Monday, August 12, 2013

What are the chances of different "splits" in bridge?

If you know how to play bridge, skip to the fourth paragraph!
In bridge, 13 cards are dealt to each of 4 players (so all 52 cards are dealt).  Players sitting across from each other are partners, so we could think of the two teams positions as North and South and East and West on a compass.  A process of "bidding" ensues, in which the team with the highest bid has selected a "trump" suit and a number of rounds, or "tricks" that they have contracted to take.

Suppose North-South had the highest bid and North is playing the hand.  Then East "leads" a card, meaning East places a card (any card he/she wants) face up on the table.  The play goes clockwise, East-> South-> West -> North.  South, West and North must play a card of the same suit that East played.  When four cards are down, the highest one wins the "trick" and that winner puts any card of his/hers down, in order to begin a new trick.  Play continues until 13 rounds of 4 cards each have been played.

Suppose that West wins a trick and thus gets to play a card.  He plays the Ace of Hearts.  North, who is next and otherwise required to play hearts, is out of hearts.  North can play any other suit, but if he chooses to play the "trump" suit (say Spades are trump), then he automatically wins the trick unless East or South is also out of hearts and play a higher card in Spades (the trump suit).  In other words, trumps are very valuable.  In the bidding process, the teams try to bid in such a way that the trump suit is one in which they have a lot of cards.  Generally, the team with the winning bid (the "contract") will have at least 7 of the 13 trumps between the two of them, meaning the other team will have 6 or fewer.  Whatever the number the opponents have, it is generally advantageous to the contract winners if they have the same number each rather than them being skewed to one or the other opponent.

Bridge players begin here:
So here is the probability piece.  Suppose you and your partner hold 7 trumps between you, what are the chances the opponents each have 3?  have 4 and 2?  have 5 and 1?  have 6 and 0?  To solve this sort of problem, we use combinations.  See my earlier post for some detail (and more odds of bridge hands).

The opponents have 26 cards altogether and we want to know the number of different groups of six among those 26 cards.  Think of this process as a process of picking six cards from the 26.  You have 26 choices for the first card, 25 for the second, and so on, and thus there are 26*25*24*23*22*21 total 'permutations' of size 6.  However, we do not care what order they are in so for each first card, there are 6 possible positions, for each second card, 5, etc., and thus we need to divide these permutations by 6*5*4*3*2*1, in order to get the number of unique sets when order does not matter. Again, see my earlier post for a more detailed explanation of this concept.

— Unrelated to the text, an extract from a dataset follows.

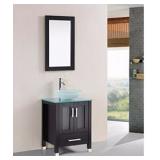 Belvedere Designs T9219 Bathroom Vanity Set with Raised Bowl Sink, 24", Espresso. This Belvedere bath T9219 is designed with a bold clean style and built with strong, top-notch materials. Constructed of zero-emissions solid oak wood with a classic Espresso finish that will last for years to come, this vanity offers abundant storage space, designer brushed nickel hardware and state-of-the-art technology. In Factory Carton with some damage Come to Preview to Inspect Retail $569.55 (RT121)
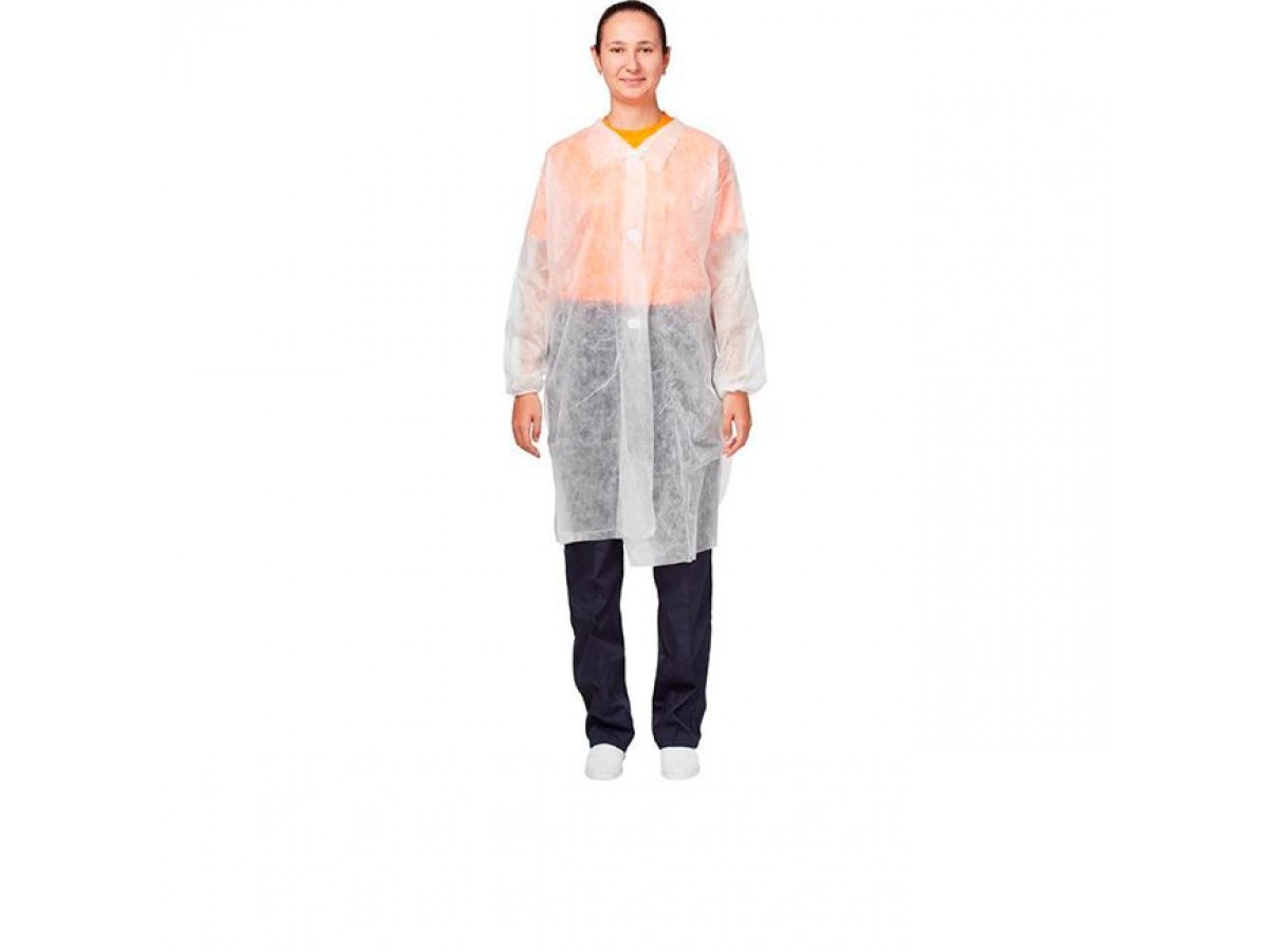 Халат медицинский одноразовый из нетканого материала спанбонд c центральной застёжкой на липучке не стерильный.

The R language allows for calculation of this combination of 6 out of 26 with the command "choose(26,6)." This is the denominator when we calculate probabilities, because it gives the total number of equally likely combinations of 6 cards.  The numerator is split into the two bridge hands of 13 cards each.   The number of combinations with an even 3-3 split are "13 choose 3" for both hands.
To calculate that probability in R, we write:   choose(13,3)*choose(13,3)/choose(26,6) and get 35.5%

How about hands with a 4-2 split?  That is the chance that Opponent 1's hand has 4 trumps multiplied by the chance that Opponent 2's hand has 2 trumps PLUS the chances that Opponent 2's hand has 4 trumps multiplied by the chance that Opponent 1's hand has 2 trumps.  Since the chance that either Opponent has 4 are the same, we can just double the probability of Opponent 1 having 4 and Opponent 2 having 2.  We get: choose(13,4)*choose(13,2)*2/choose(26,6) = 48.4% of one opponent having 4 and the other having 2 trumps.

Continuing this calculation, we get the following chances for hands with 6 trumps in the opponents hands( 6 trumps "out"):
3-3 split : 35.5%
4-2 split: 48.4%
5-1 split: 14.5%
6-0 split:  1.5%

For hands with 5 trumps out, we get:
3-2 split: 67.8%
4-1 split: 28.3%
5-0 split: 3.9%

For hands with 4 trumps out:
2-2 split: 40.7%
3-1 split: 49.7%
4-0 split: 9.5%

For hands with 3 trumps out:
2-1 split: 78%
3-0 split: 22%

For hands with 2 trumps out:
1-1 split: 52%
2-0 split: 48%

I find it interesting that the even split (for 2, 4, or 6 trumps out) is only the most likely scenario when 2 trumps are out.  When 4 trumps are out, a 3-1 split is more likely.  When 6 are out, a 4-2 split is more likely.